> Work required:
Copy nothing but the lines from the one containing "Уруок сыала: 100" through the last line of the entries below, exactly as written and without pictures.
·····
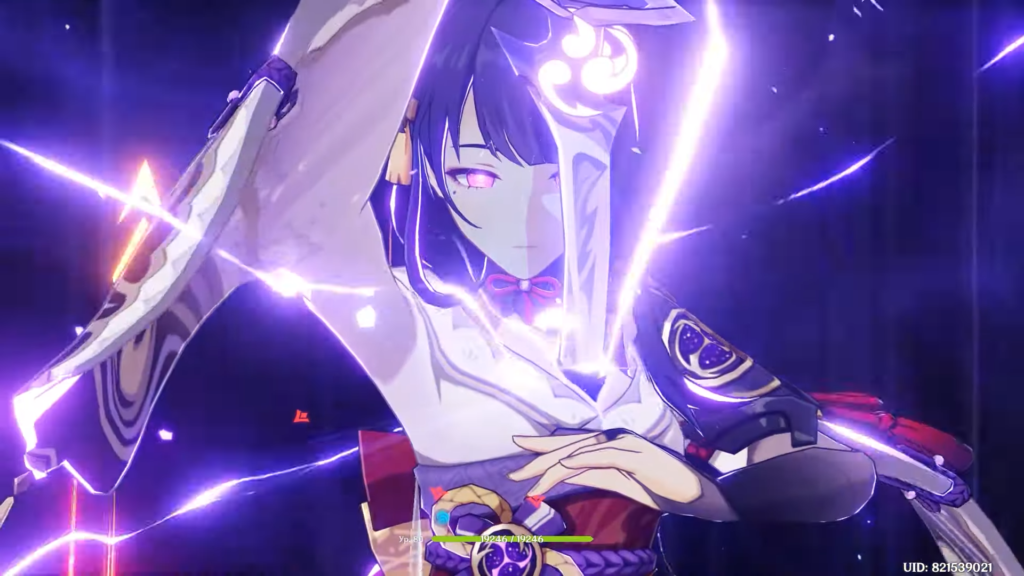 Подобно Тарталье, сёгун Райдэн может менять своё оружие, но только на время действия взрыва стихий. После его активации она призывает одноручный меч, которым наносит большое количество урона.
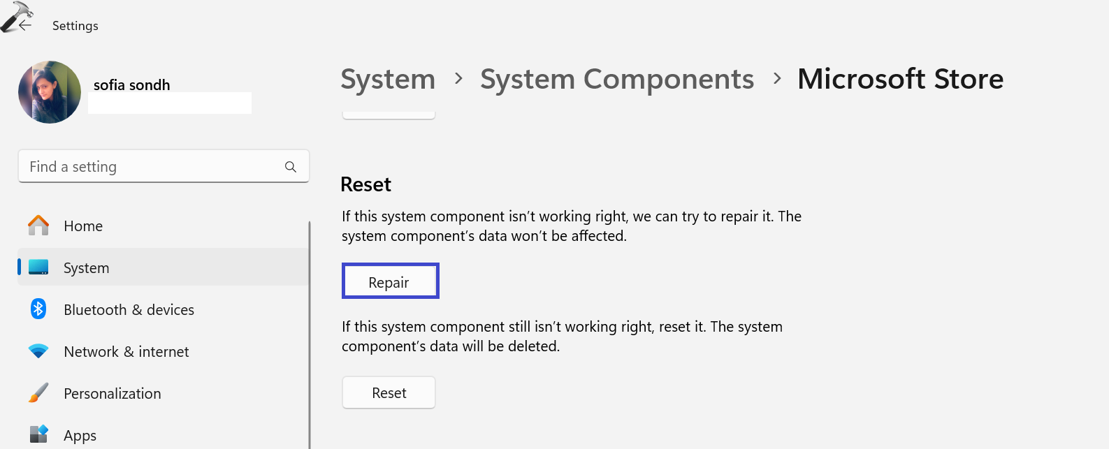 Poprawka 3: Napraw aplikacje Microsoft Store
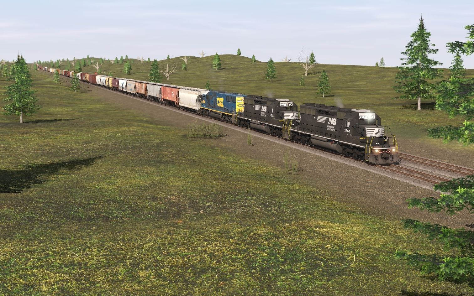 Tags: Trainz Railroad Simulator 2019, Bradfield Speedway, NS SD40-2 3364 ptc, CSX SD50 (YN3), ACFX #97421 3 Bay ACF, CC 476115 LO 4750 3 Bay Covered Hopper, CC 482104 LO 4750 3 Bay Covered Hopper, CC 766167 LO 4750 3 Bay Covered Hopper, ACFX #27710 3 Bay ACF, ACFX #45807 4 Bay ACF, CC 766630 LO 4750 3 Bay Covered Hopper, RBOX 50' ACF Boxcar 4, CCLX #51025 4 bay ACF
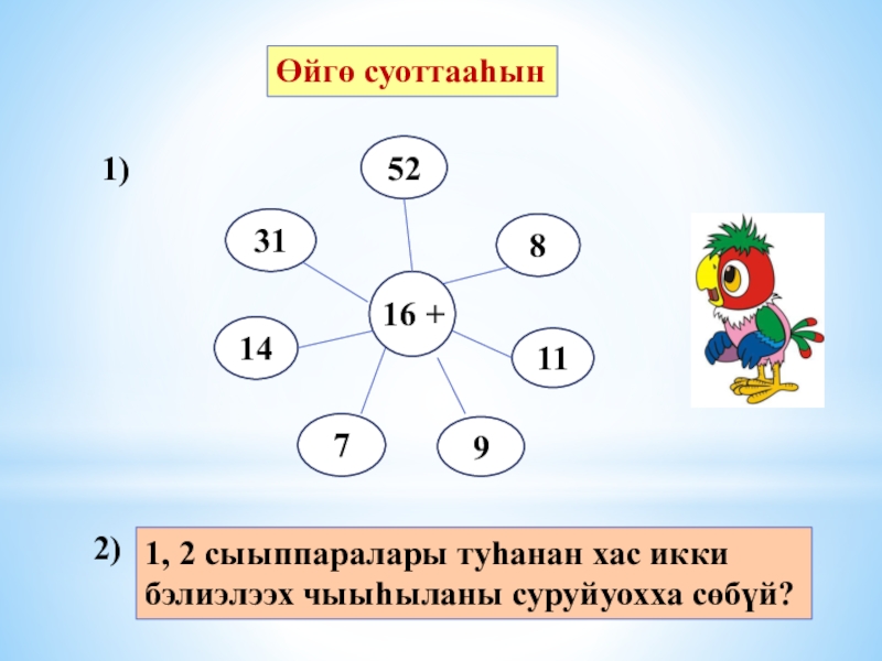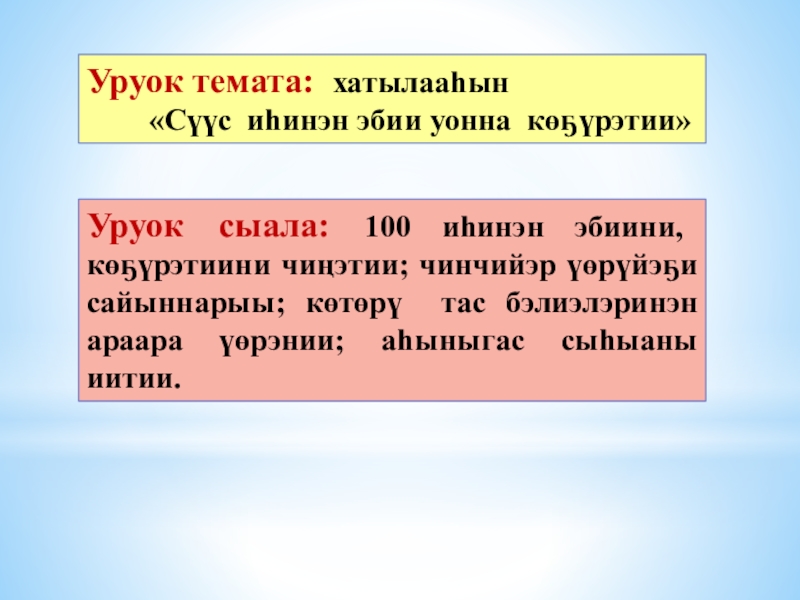 Уруок сыала: 100 иhинэн эбиини, көҕүрэтиини чиңэтии; чинчийэр үөрүйэҕи сайыннарыы; көтөрү тас бэлиэлэринэн араара үөрэнии; аhыныгас сыhыаны иитии.
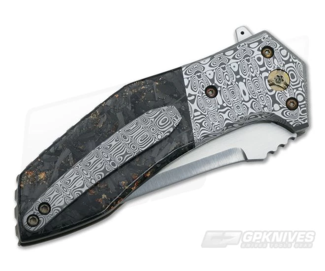 Randy Doucette Custom Barricade Flipper with a Copper Shred Carbon Fiber/Damasteel handle and a piercing CPM-S35VN compound ground tanto blade. This aggressive looking knife means business and is ready for action. It’s a great smaller-medium sized flipper from Randy. Brand new direct from maker.
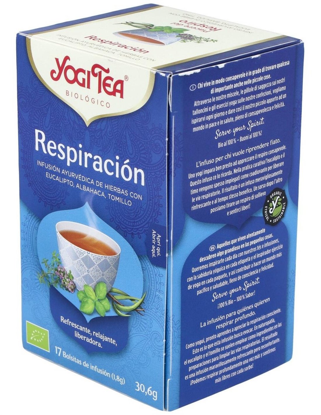 El Yogi Tea Respiración 17 x 1,8 g es una infusión diseñada para personas que buscan apoyar su bienestar respiratorio, combinando hierbas seleccionadas que facilitan una sensación de frescura y alivio natural.
·····
> Response to this exercise:
 Уруок сыала: 100 иhинэн эбиини, көҕүрэтиини чиңэтии; чинчийэр үөрүйэҕи сайыннарыы; көтөрү тас бэлиэлэринэн араара үөрэнии; аhыныгас сыhыаны иитии.
 Randy Doucette Custom Barricade Flipper with a Copper Shred Carbon Fiber/Damasteel handle and a piercing CPM-S35VN compound ground tanto blade. This aggressive looking knife means business and is ready for action. It’s a great smaller-medium sized flipper from Randy. Brand new direct from maker.
 El Yogi Tea Respiración 17 x 1,8 g es una infusión diseñada para personas que buscan apoyar su bienestar respiratorio, combinando hierbas seleccionadas que facilitan una sensación de frescura y alivio natural.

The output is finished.